Wednesday, September 17, 2008

Howards End

I finished this novel the other day, and near the quite surprising end, I found myself actually crying. It's a wonderful book -- insightful, beautifully written, interesting, and may very well be a contender for best novel by E. M. Forester, although I haven't reread A Passage to India in quite some time, so it remains to be seen.

Mrs. Wilcox must be the most important character in the novel. She is manipulative, frightening, and embodies an interpretation of the woman's movement in the sense that she is felt more than she is seen, and that her most powerful act in the novel is something she writes. Margaret and Helen do not write, they simply discuss writing, and mostly men's writing. But Mrs. Wilcox is a writer. She goes out with Margaret for stationary, and her note concerning her plans for Howard's End is the most provocative bit of information in the plot, pulling up truths hidden deep within the superficial goings on of the Wilcox family.

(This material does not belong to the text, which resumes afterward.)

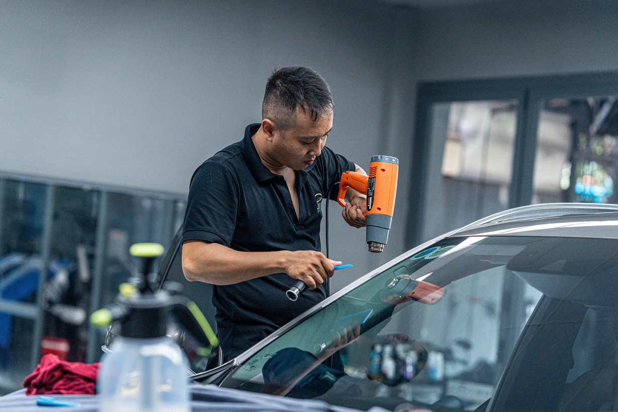 Sử dụng máy sấy với độ nóng vừa phải, an toàn cho kính xe giúp phim ôm sát với độ cong của kính.

I don't know if I like Mrs. Wilcox or not -- but her influence on the novel is transcendent, and cannot be denied.

Her involvement with the plot reminds me a little of the women of Joseph Conrad's Heart of Darkness: influencing their husbands, weaving the future of men from small offices of the African Trading Company, and pushing and pulling men out of and into various destinies. Mrs. Wilcox doesn't so much as demand, as she suggests -- but her presence commands, and like many great leaders who become even more persuasive in myth than in life, she appears to control matters when she isn't present.

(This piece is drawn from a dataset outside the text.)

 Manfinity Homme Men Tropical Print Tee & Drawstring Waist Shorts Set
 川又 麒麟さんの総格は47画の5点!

The forward says Only connect..., which is of great importance to Margaret, who feels Mr. Wilcox's tragic flaw is his inability to connect. But what is this connection she so craves and desires for herself and for others? I want to imagine it as the moments where we break the Subject/Object hierarchy and simply exist together. Yet, I'm not sure much of this connecting occurs in the novel. If it does, it is between Margaret and Helen. I'm almost sure that this book is about sisterhood as much as it is about homes, land, economy, love, family, and nature. I don't know if there is another relationship where the kind of connection described as preferred occurs. It may occur between Helen and Mr. Bast -- but so much social consequence occurred to put them together and break them apart, I feel that option is troubled.

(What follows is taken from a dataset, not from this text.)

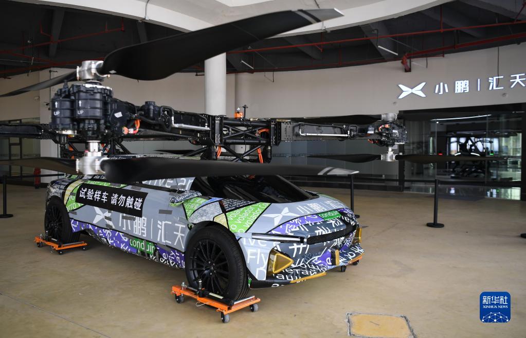 在廣州市番禺區小鵬匯天總部現場(chǎng)展示的飛行汽車(chē)試驗樣車(chē)(2月24日攝)。

There is so much more in this book -- so much about land ownership, possession, class (of course), women, men, outcasts (Tibby), sons, parenting, fathers, mothers, siblings, friends. It's quite a package. I think the narrator quite unreliable, but who knows.

I think I will read it again, maybe not soon, but certainly. It seems that Forester owes a great deal to Austen, Dickens, Bronte, and probably the whole Victorian era. Its definitely Modernist -- there are passages that seem to be written in stream of consciousness.

I'm getting the film from Netflix in a few days. Can't wait to see Emma Thompson. She just simply is Margaret.